Edith and Andy in Guatemala, 1976
Today is the anniversary of the Triangle Shirtwaist Factory Fire. Answers.com:
The worst factory fire in the history of New York City occurred on March 25, 1911, in the Asch building, where the Triangle Shirtwaist Company occupied the top three of ten floors. Five hundred women, mostly Jewish immigrants between thirteen and twenty-three years old, were employed there. The owners had locked the doors leading to the exits to keep the women at their sewing machines. In less than fifteen minutes, 146 women died. The event galvanized support for additional efforts to be made to increase safety in the workplace. It also garnered support for labor unions in the garment district, and in particular for the International Ladies’ Garment Workers’ Union.
Crooks and Liars, 24 March 2009:
Lanny Davis enlisted by Big Business to promote a “Third Way” Corporate Compromise on EFCA
Money never misses a chance to lock the doors and let us burn.
Pete’s baking bread. The house is filled with the muscular aromas of yeast and molasses. Tomorrow morning, I’ll eat a slice of delicious fresh bread without lifting a hand. Should I complain that he left out raisins?
My brother forwarded a collection of images of outstanding test failures. I liked this one very much. It reminded me of the Little Prince’s drawing that was not a hat. Physics, you see, must be full of elephants we can’t see.
Last week, I had an appointment with a sports medicine specialist because regular doctors have different goals than I do. For instance, I believe I should be able to dance until I turn a gilded 100, though medical professionals regard this as evidence of a fantasy-prone personality. It’s hard to convince doctors you, as the user of your body, might know something about what’s wrong with it, but I managed with the sports medicine specialist.

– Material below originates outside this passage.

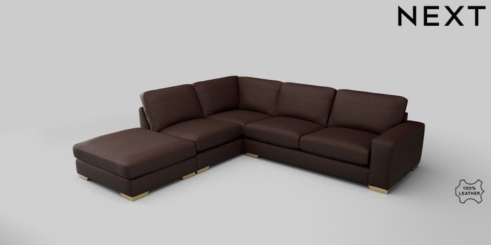 6.12.1 Buy Houghton Leather Deep Sit Large Open End Corner Chaise - Left Hand Rustic Leather Dark Brown Large Square Angle - Brushed Brass from the Next UK online shop Click here to use our accessible website
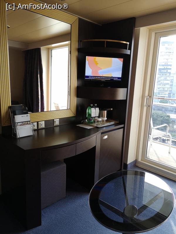 [P06] Cabina noastră; măsuța, biroul, minibarul, TV-ul

He was very serious about the narrowing of channels and calcification, radiating pain and “bone remodeling” – in fact, he was so serious that when he mentioned the hip joints appeared impact damaged I didn’t make a joke. I didn’t make a joke about going back to my first love, the trampoline – or being one. I passed up the line about going from speed dating to carbon dating. I even kept my trap shut when I wondered if my hip joints could be replaced with Slinkys. I smiled a lot and made an appointment for physical therapy.

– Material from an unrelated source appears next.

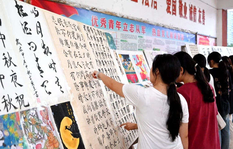 9月5日,學(xué)校團(tuán)委組織開(kāi)展“我們的節(jié)日·中秋”書(shū)畫(huà)展活動(dòng)。活動(dòng)吸引了同學(xué)們的廣泛關(guān)注和參與,同學(xué)們積極深入了解關(guān)于中秋節(jié)傳統(tǒng)習(xí)俗,以手中的筆,描繪了中秋佳節(jié)的美麗畫(huà)卷,寫(xiě)下關(guān)于中秋佳節(jié)的書(shū)法作品,展現(xiàn)中秋節(jié)的傳統(tǒng)文化習(xí)俗,表達(dá)自己對(duì)中秋節(jié)的美好祝愿,展現(xiàn)了中國(guó)傳統(tǒng)節(jié)日的美麗和中國(guó)文化傳承與發(fā)展的獨(dú)特魅力。

Topaz, Queen of the Jungle.
When everything else goes straight to Hell, Pete and I still have Sundays. Pete’s a cyclist and it’s finally warm enough for him to spend an hour this morning on the bike trails along the canal. I skipped an exercise class in favor of rowing upstairs in the attic and discovered the cats love the baker’s rack by a south-facing window and mid-morning sunbeam naps. Rowing makes a racket on the ancient machine but Drusy dozed the whole half hour. I crept downstairs to retrieve the camera but turned around and found her at my heels. Knowing it is totally irresistible to pussycats, I marched all the way back up to the attic and plunked down on the floor, which was like calling the cats through the anchovy phone.